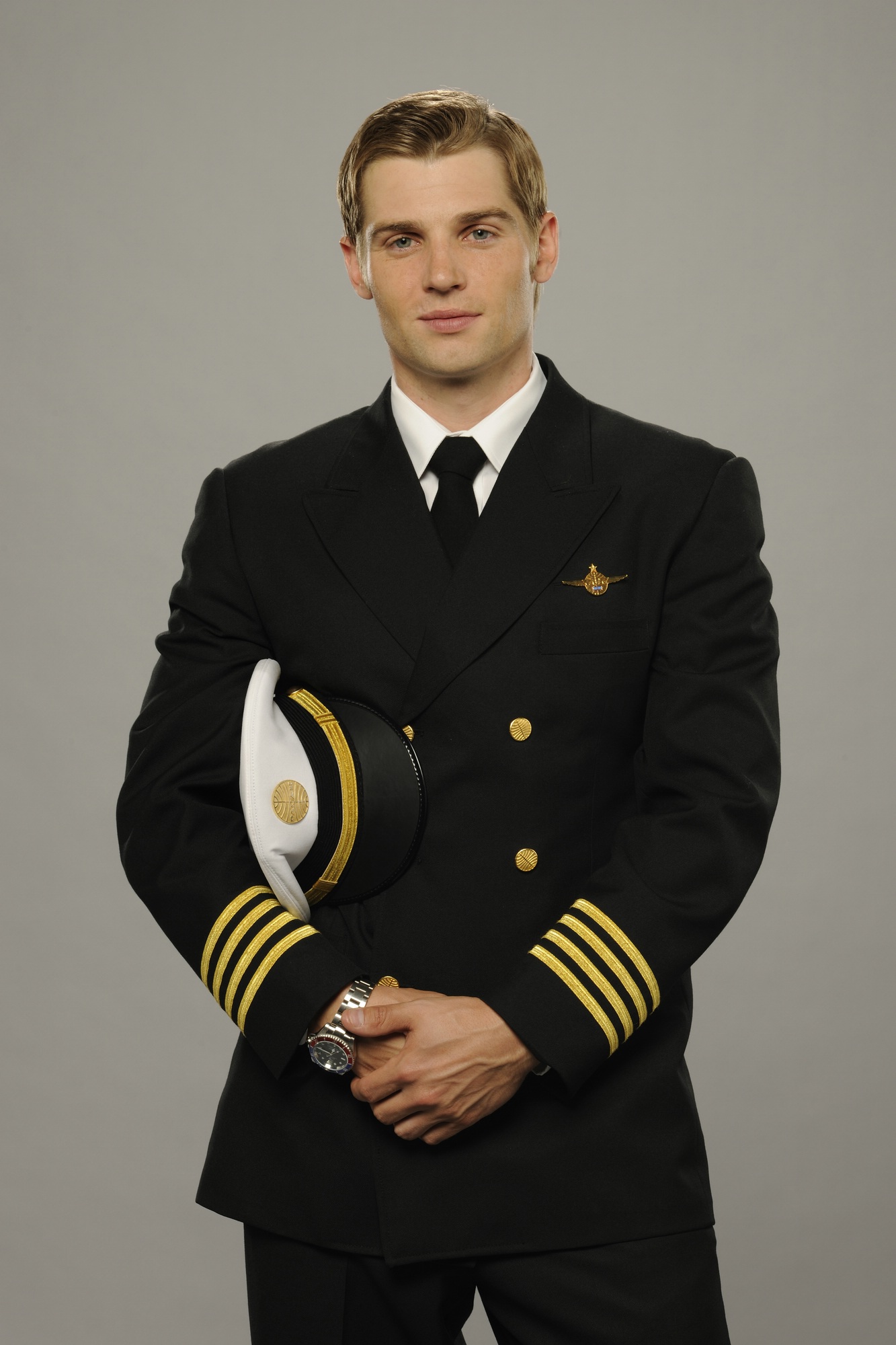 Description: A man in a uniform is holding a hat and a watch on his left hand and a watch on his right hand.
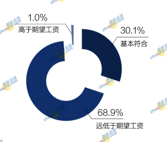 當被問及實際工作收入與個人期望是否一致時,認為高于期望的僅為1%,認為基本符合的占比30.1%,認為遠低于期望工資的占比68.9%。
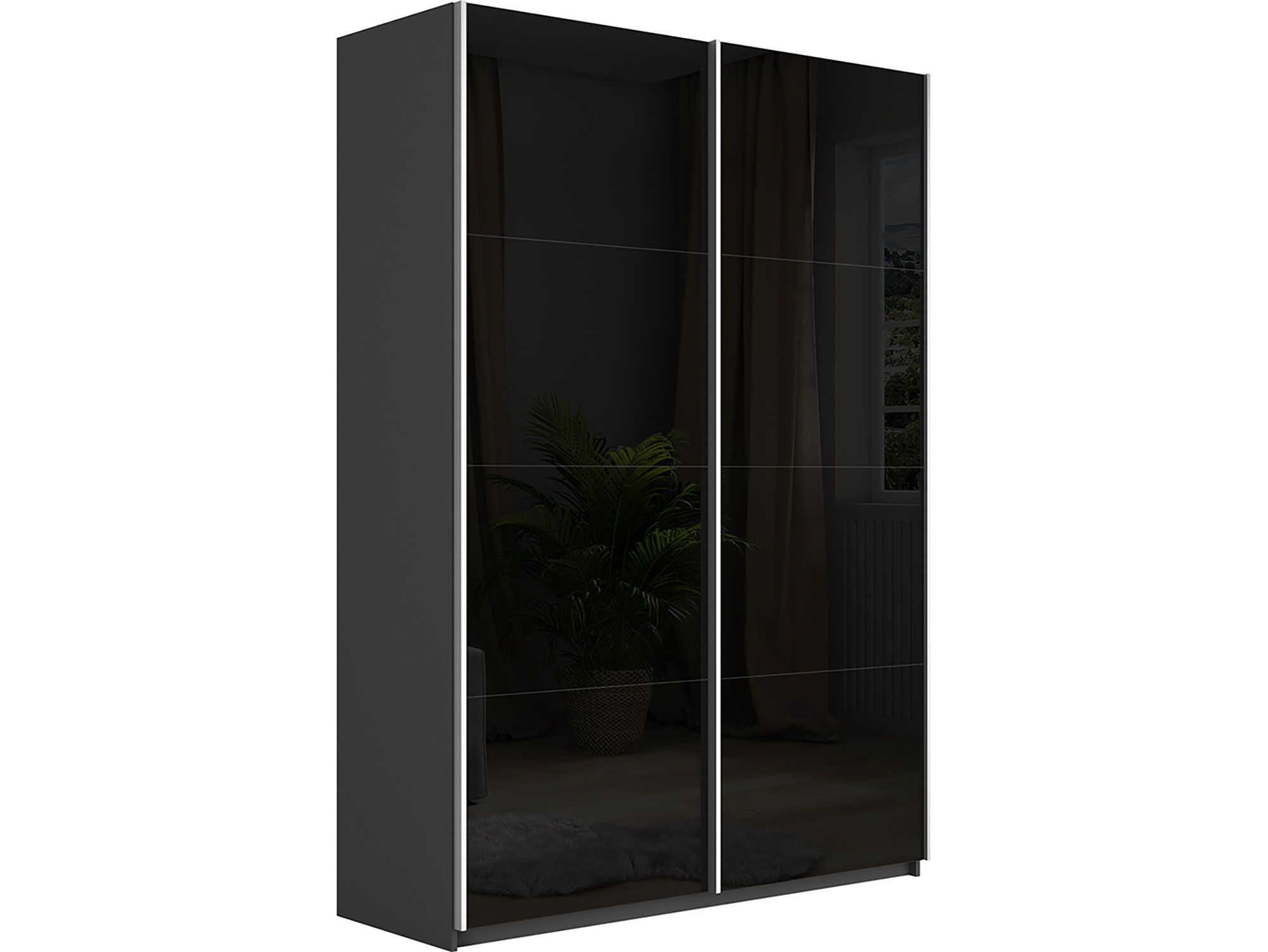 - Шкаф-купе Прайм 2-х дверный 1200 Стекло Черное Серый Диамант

--- Exercise objective ---
The lines from the one containing "當被問及實際工作收入與個人期" to the end of the material must be output exactly, both ends included; no picture may appear.

--- Result of this task ---
 當被問及實際工作收入與個人期望是否一致時,認為高于期望的僅為1%,認為基本符合的占比30.1%,認為遠低于期望工資的占比68.9%。
 - Шкаф-купе Прайм 2-х дверный 1200 Стекло Черное Серый Диамант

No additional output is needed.